## REQUIREMENT:
Return the line that has "one's credit score." and all lines below it through the last, exactly as they stand; omit pictures.

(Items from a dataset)
....................

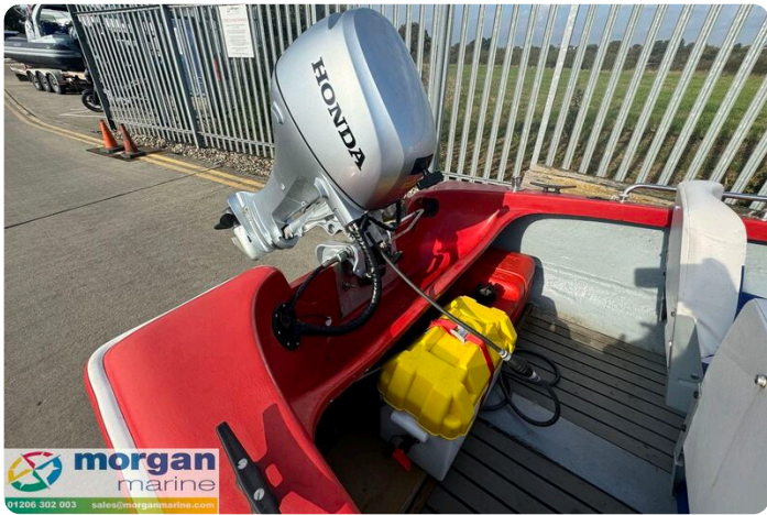
Classic mid-1970s river launch-fuel
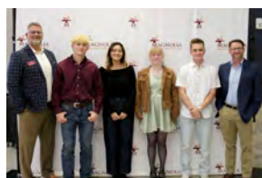
MHS National Merit Commended Scholars
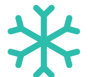
Deep Snow Removal**
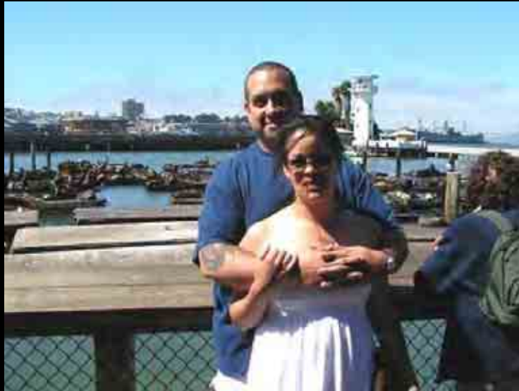
"Grow old with me, the best is yet to be. "
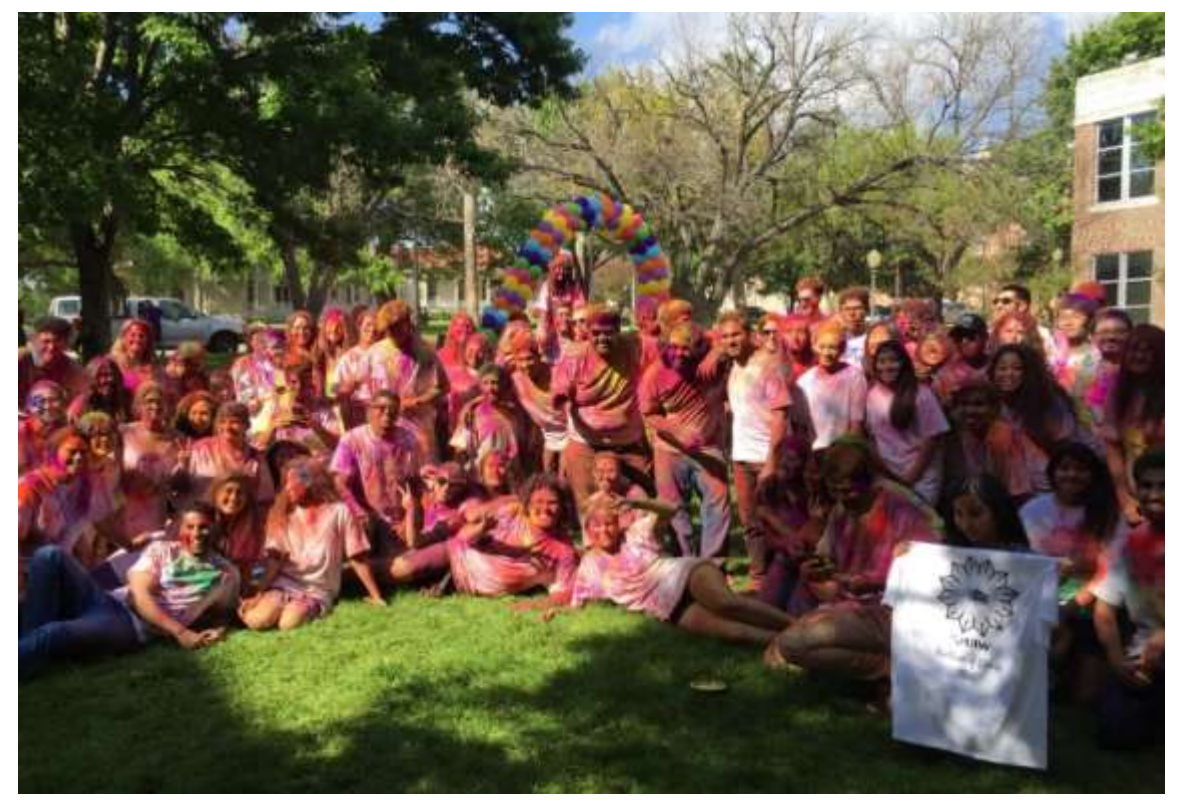
Holi, the spring holiday introduced by Hindu students and faculty from India, is celebrated at UIW enriching both internationals and locals.

vaccination fairs each year of their education. Many of these events are held in underserved areas, and are aimed at increasing health awareness, education, and service to those most in need. Certainly some of these activities are considered service learning opportunities, and will play a key role in the growth (professional and personal) and development of well-rounded pharmacists who promote social justice. Students will be required to complete a minimum number of co-curricular events each year, and will provide a reflection on their professional growth and development (increasing self awareness) each year.
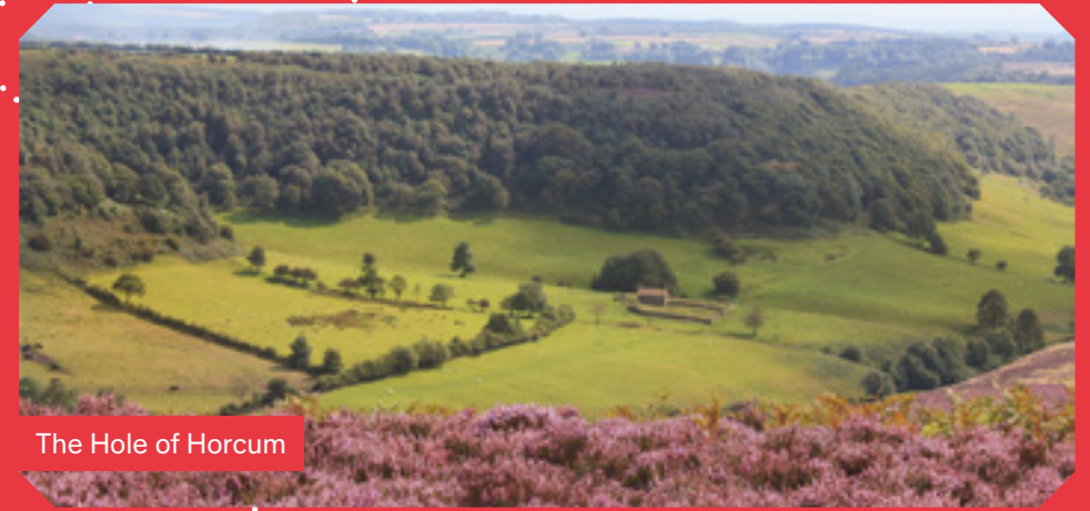
The Hole of Horcum
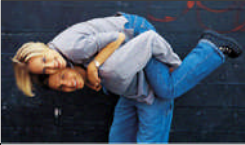
"Piggybacking" or "Coat-tailing" is a method of quickly improving one's credit score.

Since credit scores are derived from computer programs that analyze long-term payment histories, undoing a poor score can take quite awhile; a number of good years may be required to negate one stretch of trouble.
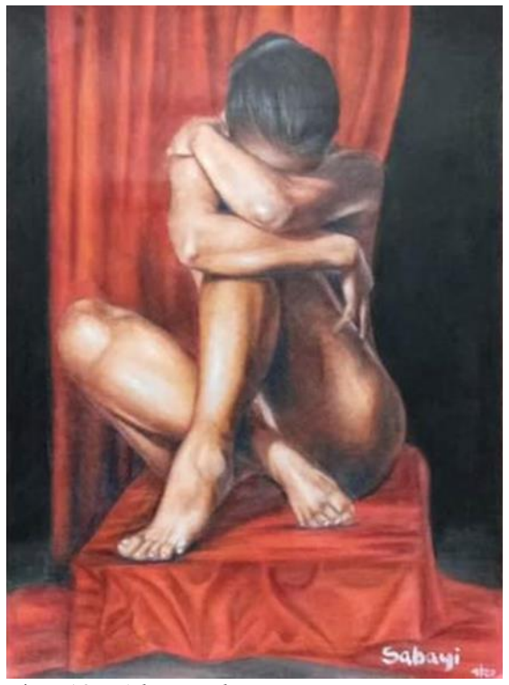
Plate 19. 'A lost soul' (2020) Artist: Moses Sabayi
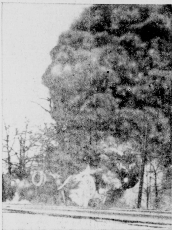
GOING UP—Smoke billows in a huge cloud from a gasoline-carrying trailer after it overturned on a highway near Chicago, Ill. The gas exploded and burned when the truck skidded off the road and overturned.

Doctors were present from Abilene, Brownwood, Sweetwater, Colorado City, San Angelo and Cisco.

....................

## RESULT FOR THIS EXERCISE:
"Piggybacking" or "Coat-tailing" is a method of quickly improving one's credit score.

Since credit scores are derived from computer programs that analyze long-term payment histories, undoing a poor score can take quite awhile; a number of good years may be required to negate one stretch of trouble.
Plate 19. 'A lost soul' (2020) Artist: Moses Sabayi
GOING UP—Smoke billows in a huge cloud from a gasoline-carrying trailer after it overturned on a highway near Chicago, Ill. The gas exploded and burned when the truck skidded off the road and overturned.

Doctors were present from Abilene, Brownwood, Sweetwater, Colorado City, San Angelo and Cisco.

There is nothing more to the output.